General Motors CEO Mary Barra has been focused on delivering stable messages, earlier this month she stated that the company expects next year's profits to be similar to this year, easing concerns of investors who worry about declining profits in the automotive industry. General Motors has indicated that pricing may soften next year, but cost reductions in SUVs and electric vehicles, as well as improvements in the Chinese market, are expected to support performance.

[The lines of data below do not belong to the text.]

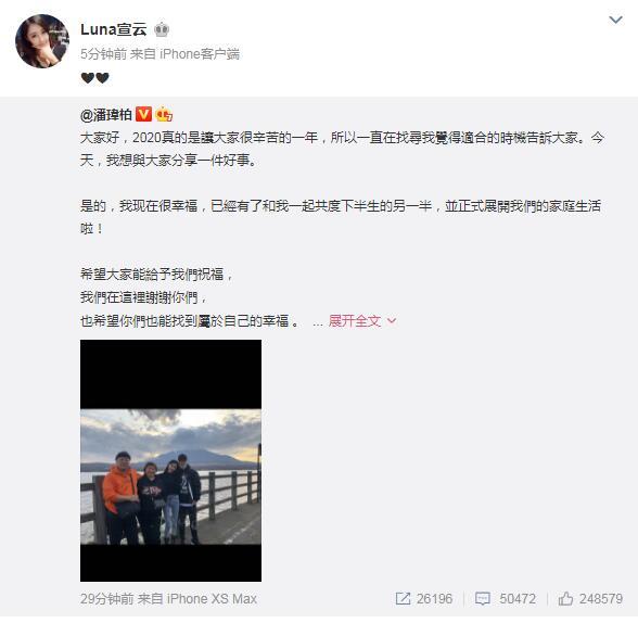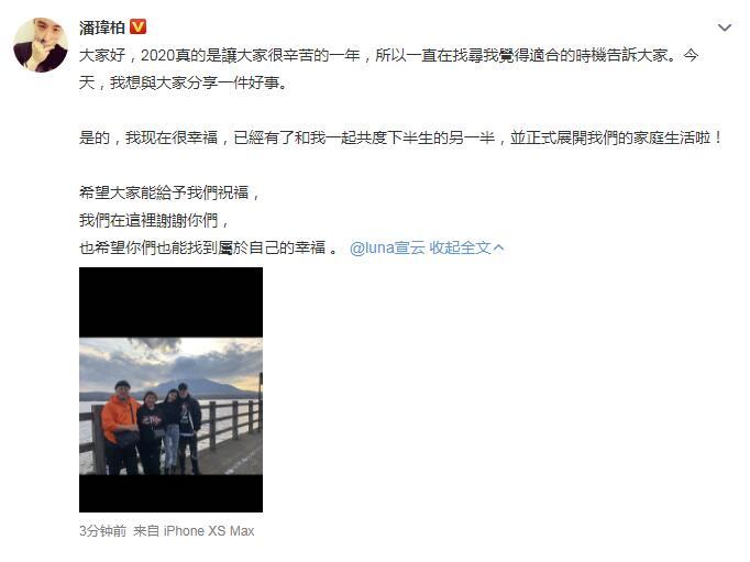 大喜的日子是也 发表于 2020-7-28 22:27 恭喜!潘玮柏晒全家福官宣结婚 妻子是曾传绯闻的空姐比男方小13岁 2020
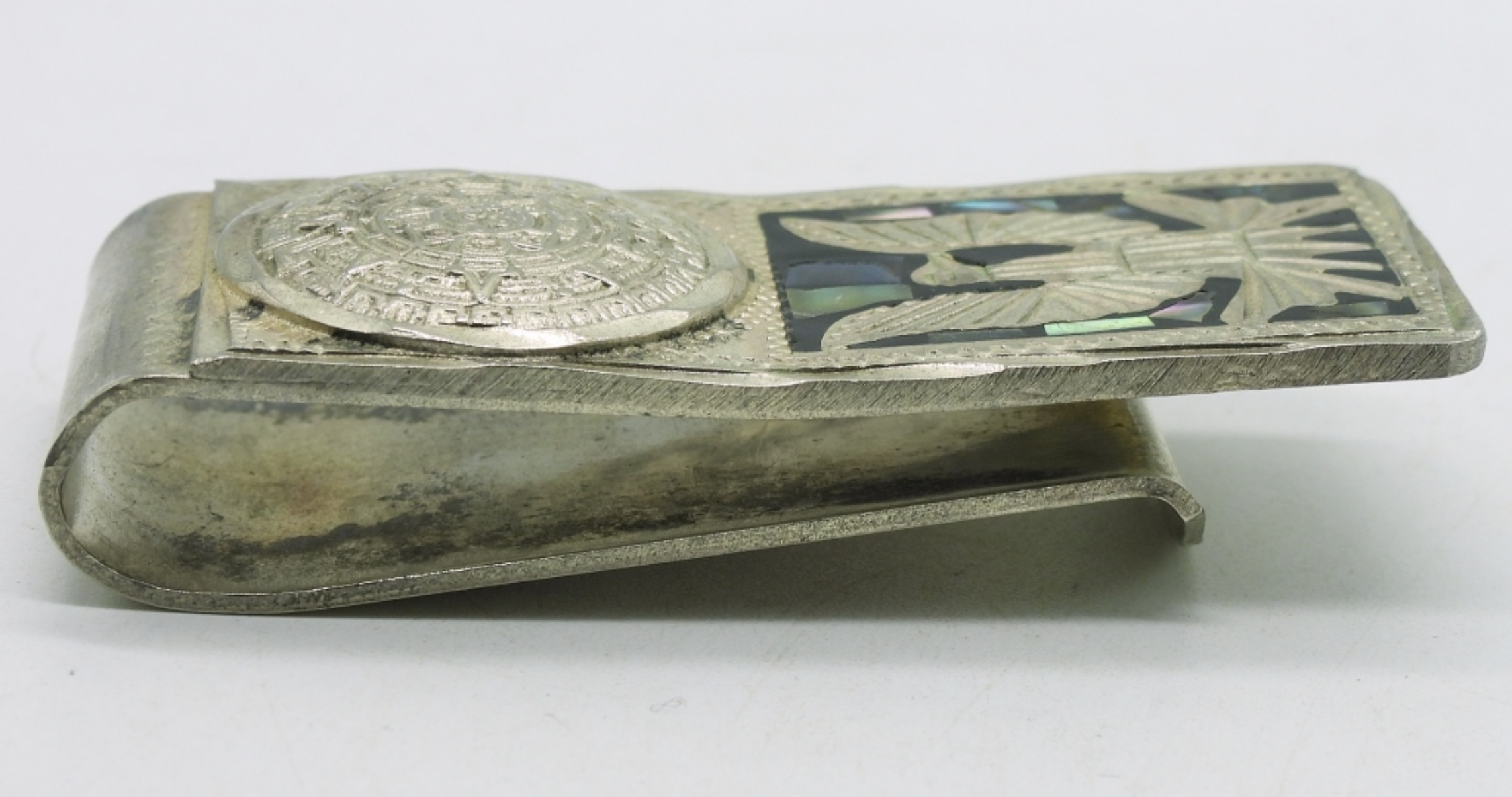 Vintage, Alpaca Mexico Money Clip with Abalone Inlay. 2.5″. (24.2 dwt)
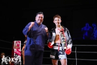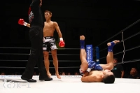 ともにオーソドックスで向き合い、野杁はまず右ロー、左インローを打ち込む。ややあってサウスポーに変わった野杁はローを入れていたが左三日月蹴りを突き刺し、これでポンフェイはダウン。何とか立ち上がったポンフェイだが、野杁は再び左三日月蹴りを突き刺し、これで初回ノックアウトを決めた。
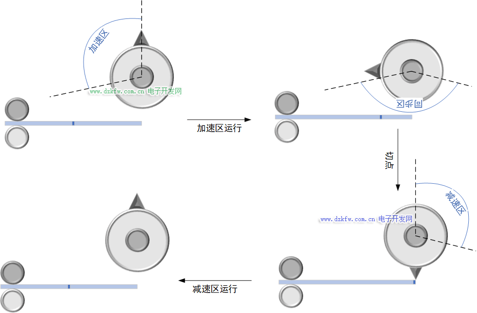 减速区:飞减加速距离:dyDec,牵引轴运行距离:dxAcc,

Investors remain concerned that historically high interest rates and economic worries will impact consumers, dampening new car sales, despite most of the year new car sales showing resilience. Shareholders are also uneasy about the losses from electric vehicles by auto manufacturers, as General Motors' Chinese competitors overseas are launching affordable electric vehicles in large numbers, while Tesla (TSLA.US) continues to dominate electric vehicle sales in the USA. Company executives state that although Chinese auto manufacturers have not yet entered the US market, large auto manufacturers like General Motors see the threat from low-cost and high-tech vehicles.

General Motors' profit driver is traditional gasoline-powered vehicles, including 8 new gasoline SUV models set to be launched by the end of 2025, attracting many customers who are not yet ready for electric vehicles. With increased production of models like the Silverado electric truck and Equinox electric SUV, the quarterly sales of electric vehicles have been increasing this year. However, as of the third quarter, electric vehicles only account for about 4% of the company's total deliveries in the USA.

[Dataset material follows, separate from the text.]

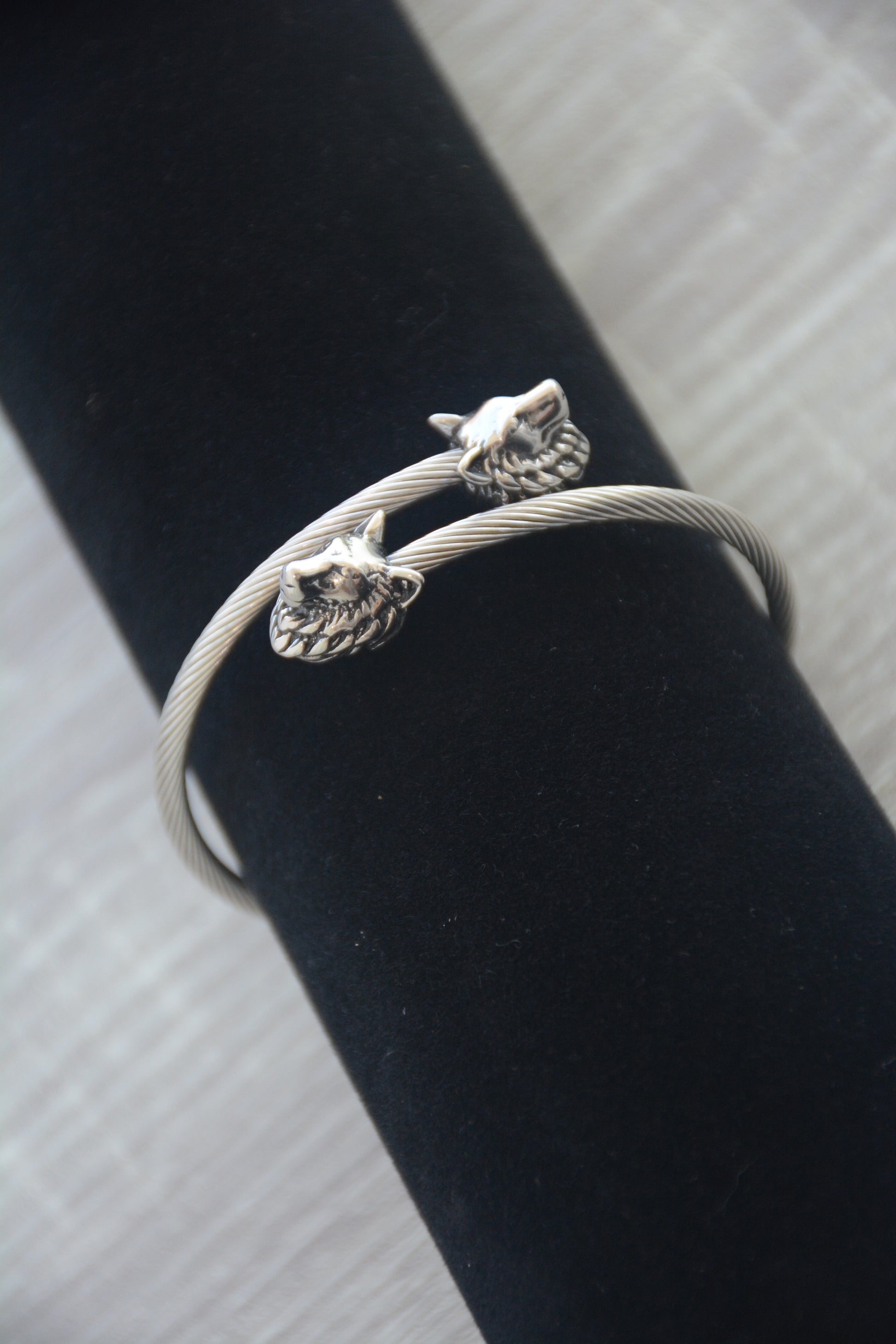 Diseñado en acero de alta resistencia con baño de plata italiana, su acabado silver refleja la luz con una presencia imponente. Las formas talladas de los lobos son un tributo al guerrero que vive dentro, al protector, al que no le teme a la oscuridad… porque la domina.
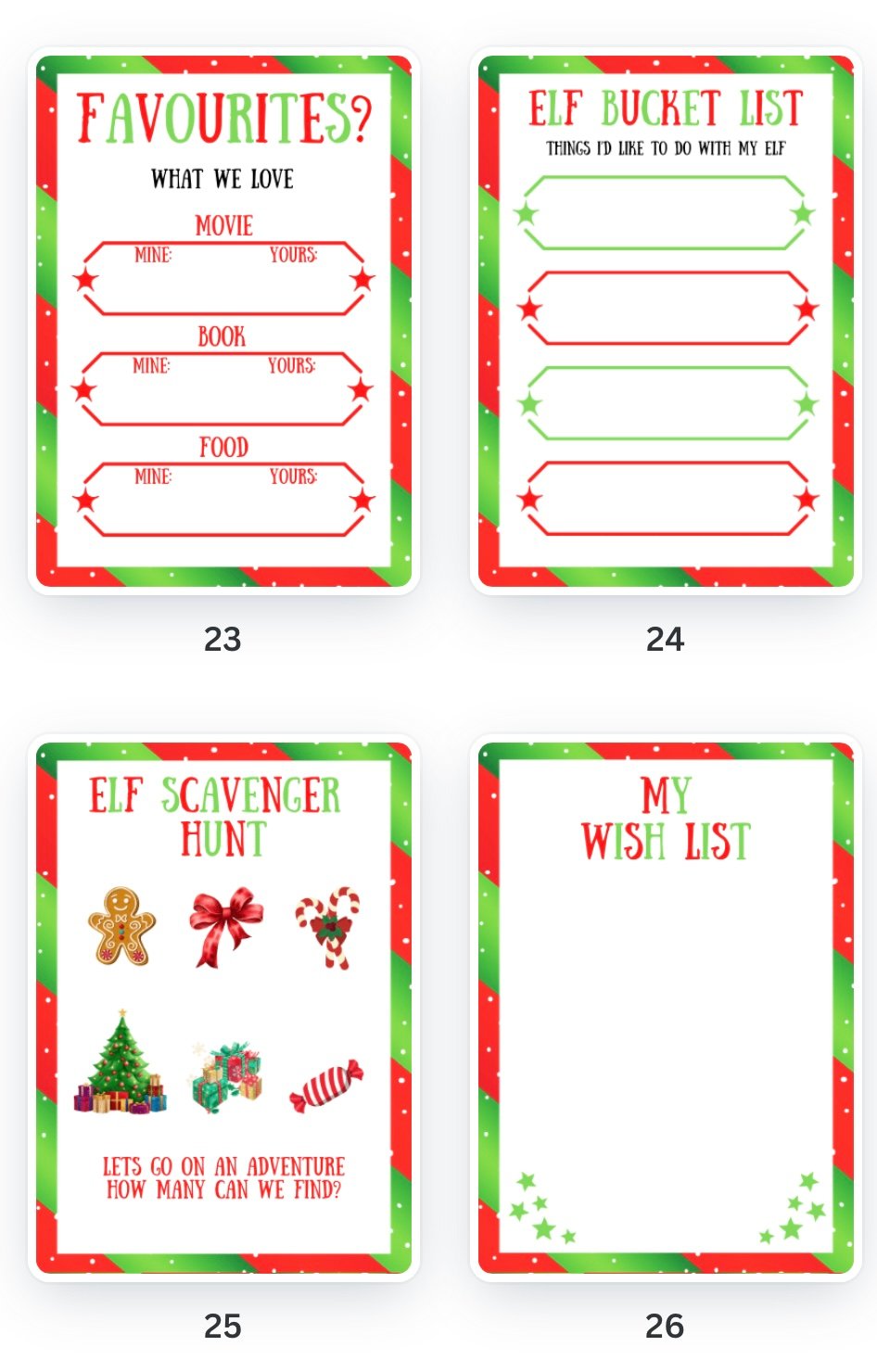 PACKED WITH FUN INTERACTIVE PAGES - ALL ABOUT MY ELF - 24 DAYS TO WRITE DOWN MEMORIES - SCAVENGER HUNT - BUCKET LIST - ELF ADOPTION

Investors also hope for clearer plans from General Motors' self-driving Cruise division. Since an autonomous taxi was involved in a safety incident last year, the division has been under close scrutiny. The division recorded an operational loss of $0.4 billion in the third quarter, lower than the $0.7 billion loss in the same period last year. At a General Motors investor day earlier this month, Barra stated that by 2025, the division's losses will not exceed $2 billion.

The translation is provided by third-party software.